-- Opening Marker --

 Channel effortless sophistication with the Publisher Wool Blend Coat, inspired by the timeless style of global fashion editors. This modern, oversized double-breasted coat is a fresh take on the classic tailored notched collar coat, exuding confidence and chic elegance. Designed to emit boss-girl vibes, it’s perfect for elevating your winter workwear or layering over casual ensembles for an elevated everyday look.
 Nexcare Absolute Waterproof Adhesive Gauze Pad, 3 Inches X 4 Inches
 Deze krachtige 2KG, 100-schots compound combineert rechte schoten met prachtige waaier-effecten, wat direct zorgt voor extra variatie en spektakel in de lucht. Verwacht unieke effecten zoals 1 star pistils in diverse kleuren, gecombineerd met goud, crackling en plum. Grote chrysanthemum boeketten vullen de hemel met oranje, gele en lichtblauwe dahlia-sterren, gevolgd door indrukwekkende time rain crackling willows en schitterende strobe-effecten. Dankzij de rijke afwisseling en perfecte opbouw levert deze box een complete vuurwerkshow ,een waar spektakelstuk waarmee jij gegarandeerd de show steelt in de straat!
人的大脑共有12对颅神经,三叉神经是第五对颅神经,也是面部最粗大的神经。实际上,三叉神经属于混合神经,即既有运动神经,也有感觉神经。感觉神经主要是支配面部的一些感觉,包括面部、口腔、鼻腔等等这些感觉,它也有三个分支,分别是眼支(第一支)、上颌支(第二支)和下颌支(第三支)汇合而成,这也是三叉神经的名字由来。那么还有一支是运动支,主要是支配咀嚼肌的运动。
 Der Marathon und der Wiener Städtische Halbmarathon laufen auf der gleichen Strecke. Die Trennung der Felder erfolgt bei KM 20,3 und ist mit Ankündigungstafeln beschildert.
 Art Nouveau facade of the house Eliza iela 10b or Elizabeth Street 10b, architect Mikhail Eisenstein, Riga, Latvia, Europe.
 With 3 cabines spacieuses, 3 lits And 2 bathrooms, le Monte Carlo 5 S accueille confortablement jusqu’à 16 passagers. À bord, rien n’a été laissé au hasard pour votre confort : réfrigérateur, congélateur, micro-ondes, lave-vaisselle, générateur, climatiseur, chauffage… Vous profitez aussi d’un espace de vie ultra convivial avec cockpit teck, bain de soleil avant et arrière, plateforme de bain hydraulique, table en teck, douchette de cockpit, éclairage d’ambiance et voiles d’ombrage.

-- Closing Marker --
-- Opening Marker --

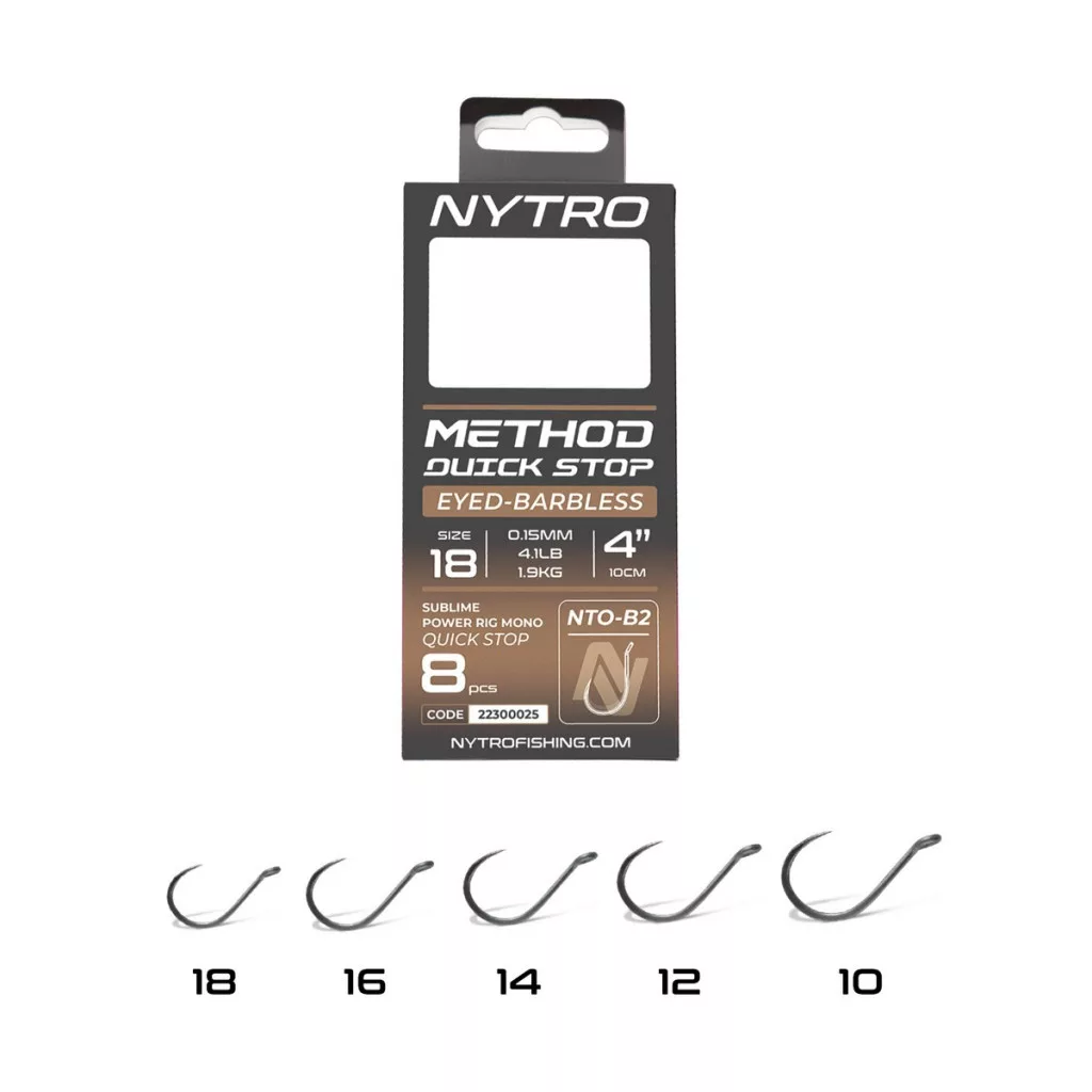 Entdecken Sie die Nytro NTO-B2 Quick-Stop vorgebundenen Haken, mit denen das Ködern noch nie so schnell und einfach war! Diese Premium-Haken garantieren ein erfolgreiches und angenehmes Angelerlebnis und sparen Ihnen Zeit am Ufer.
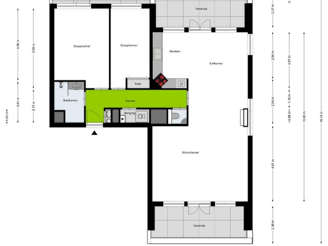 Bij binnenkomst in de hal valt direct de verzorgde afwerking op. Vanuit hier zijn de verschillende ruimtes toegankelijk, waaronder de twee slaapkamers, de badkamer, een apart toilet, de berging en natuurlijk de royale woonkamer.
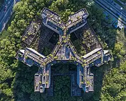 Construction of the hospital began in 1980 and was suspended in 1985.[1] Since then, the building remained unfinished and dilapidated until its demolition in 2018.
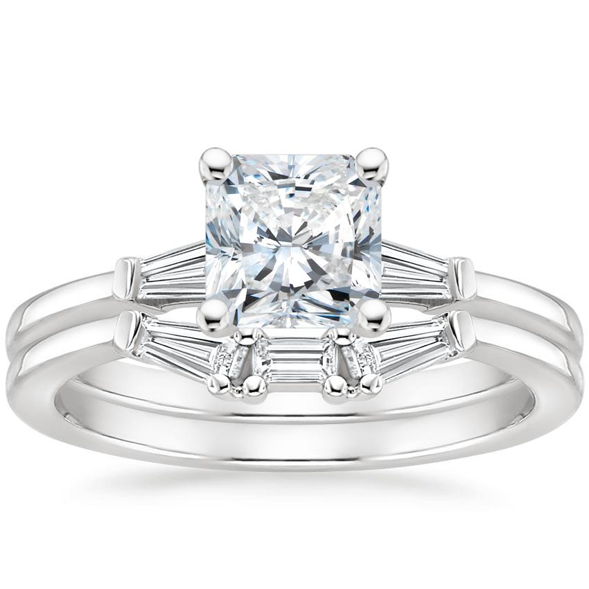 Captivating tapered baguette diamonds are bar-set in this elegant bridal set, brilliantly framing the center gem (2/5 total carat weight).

-- Closing Marker --

**Requirement**
From the line that has "Channel effortless sophistication" through the line that has "Nexcare Absolute Waterproof", copy every line exactly as it appears above, and leave out all others.

**Written answer**
 Channel effortless sophistication with the Publisher Wool Blend Coat, inspired by the timeless style of global fashion editors. This modern, oversized double-breasted coat is a fresh take on the classic tailored notched collar coat, exuding confidence and chic elegance. Designed to emit boss-girl vibes, it’s perfect for elevating your winter workwear or layering over casual ensembles for an elevated everyday look.
 Nexcare Absolute Waterproof Adhesive Gauze Pad, 3 Inches X 4 Inches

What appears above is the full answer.